The sixth of seven children and third of three sons of José Pinto Tavares de Mendonça Ferrão or José Ferrão de Tavares e Távora and wife Maria José do Amaral Ferrão Lobo Machado or Maria José Lobo de Sousa Machado Cardoso de Meneses, of the Viscounts of Paço de Nespereira, he inherited from his mother the House of Covilhã. He graduated in architecture from the Porto School of Fine Arts (which later became the school of architecture of the University of Porto) in 1952. Having sat the examination in Fine Composition for Professor of Architecture, he was later invited to become a Professor at the school.

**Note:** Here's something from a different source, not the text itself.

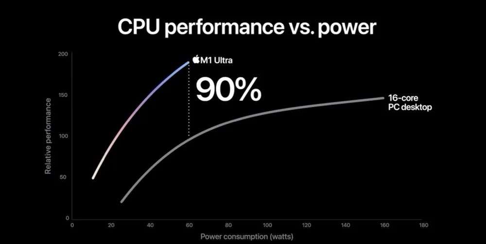 根据苹果提供的数据,在相同功耗下,M1 Ultra处理多线程任务的速度比16核英特尔旗舰至强i9-12900K提升了90%;实现同样性能时,M1 Ultra的功耗比12900K少100W。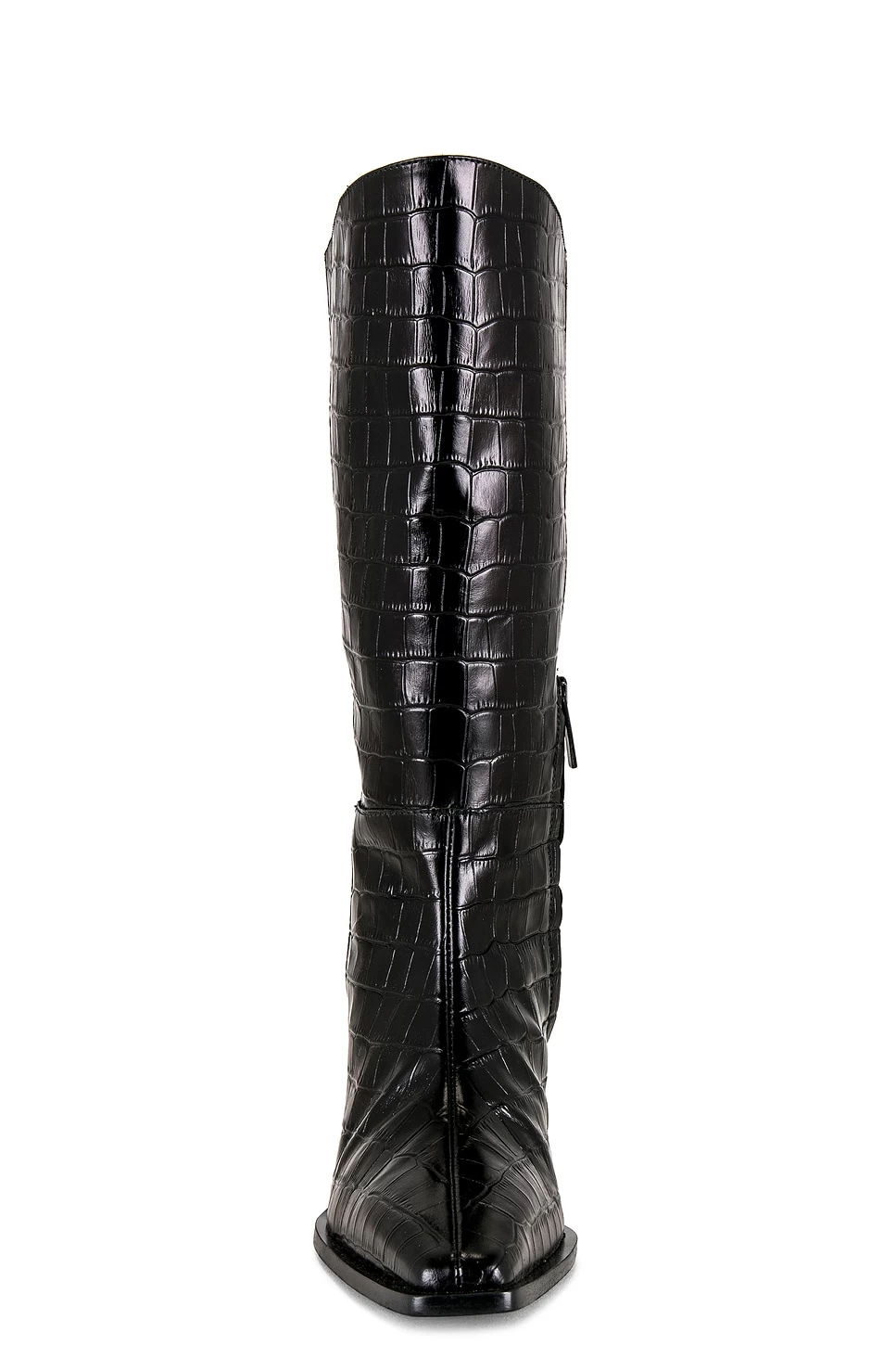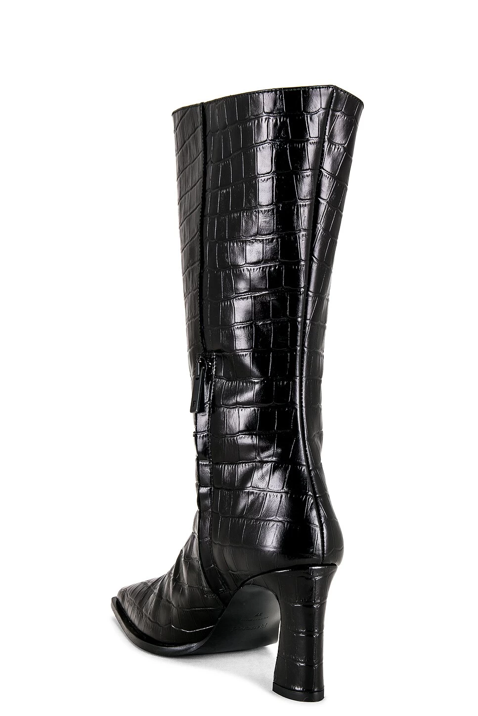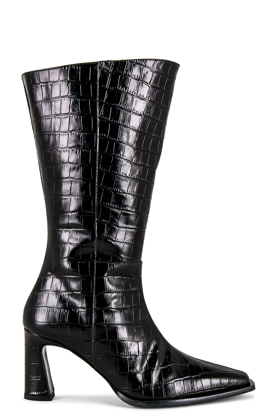 - Pointed square toe with subtly slanted heel

Participating in several Congrès International d'Architecture Moderne (CIAM) and Team 10 meetings, he became a key person in the modernization of the Porto School. Two of his former students, Álvaro Siza (who also worked in his architecture office) and Eduardo Souto de Moura, have been awarded the Pritzker Architecture Prize.

Later on, Távora became "President of the Ad Hoc Committee of the Faculty of Architecture at the University of Porto" and university professor at the same faculty, as well as professor of the Department of Architecture at the Faculty of Sciences and Technology of the University of Coimbra. He took part in the late 1950s "Survey on Portuguese Architecture" and was the author of several essays, namely "O Problema da Casa Portuguesa" (Lisbon, 1947) and "Da Organização do Espaço" (Porto, 1962 and 1982). One of his most important works in the 1980s was the renovation and extension of the Pousada de Guimarães, a former convent which at the time was transformed into the Sta. Marinha Historic Hotel.

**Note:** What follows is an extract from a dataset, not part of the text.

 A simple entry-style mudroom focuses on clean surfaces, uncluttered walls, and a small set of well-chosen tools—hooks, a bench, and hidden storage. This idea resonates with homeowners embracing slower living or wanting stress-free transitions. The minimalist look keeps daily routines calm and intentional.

Besides his academic career, Távora worked as an architect for Porto Town Council, consultant to Vila Nova de Gaia Town Council, consultant in the "Commissariat on the Urban Renovation of the Ribeira/Barredo" (Porto) project, consultant in the "Technical Bureau of the Northern Planning Commission", and consultant in the "Local Technical Bureau of Guimarães Town Council".

== Works (selected) ==
- Summer House at Ofir
- Vila da Feira Municipal Market
- Quinta da Conceicao Municipal Parc in Leça da Palmeira
- Quinta da Conceicao Tennis Pavilion in Leça da Palmeira
- Santa Marinha Convent in Guimarães
- General urban plan of Guimarães
- Renovation of the Soares dos Reis National Museum in Porto
- Renovation of the Praça 8 de Maio in Coimbra

== Recognition ==
Távora's work was exhibited at exhibitions around the world, including the Smithsonian Institution, Washington; "Artes Plásticas I and II" at the Calouste Gulbenkian Foundation, Lisbon; "Eleven Architects from Oporto", Lisbon; "Architectures à Porto", Clemont Ferrand; Europália 1991, Brussels; and the Venice Biennial. The Fernando Távora Architecture prize (Portuguese: Prémio Fernando Távora de Arquitetura) of the Portuguese Architects Association is named after him.

== Awards ==
He was granted a scholarship by the Calouste Gulbenkian Foundation and the Institute for Culture in the United States and Japan in 1960.
He was awarded several prizes in architecture, as well as the Golden Medal of the city of Porto and the Order of St James of the Sword.
The University of Coimbra awarded him a Doctor Honoris Causa.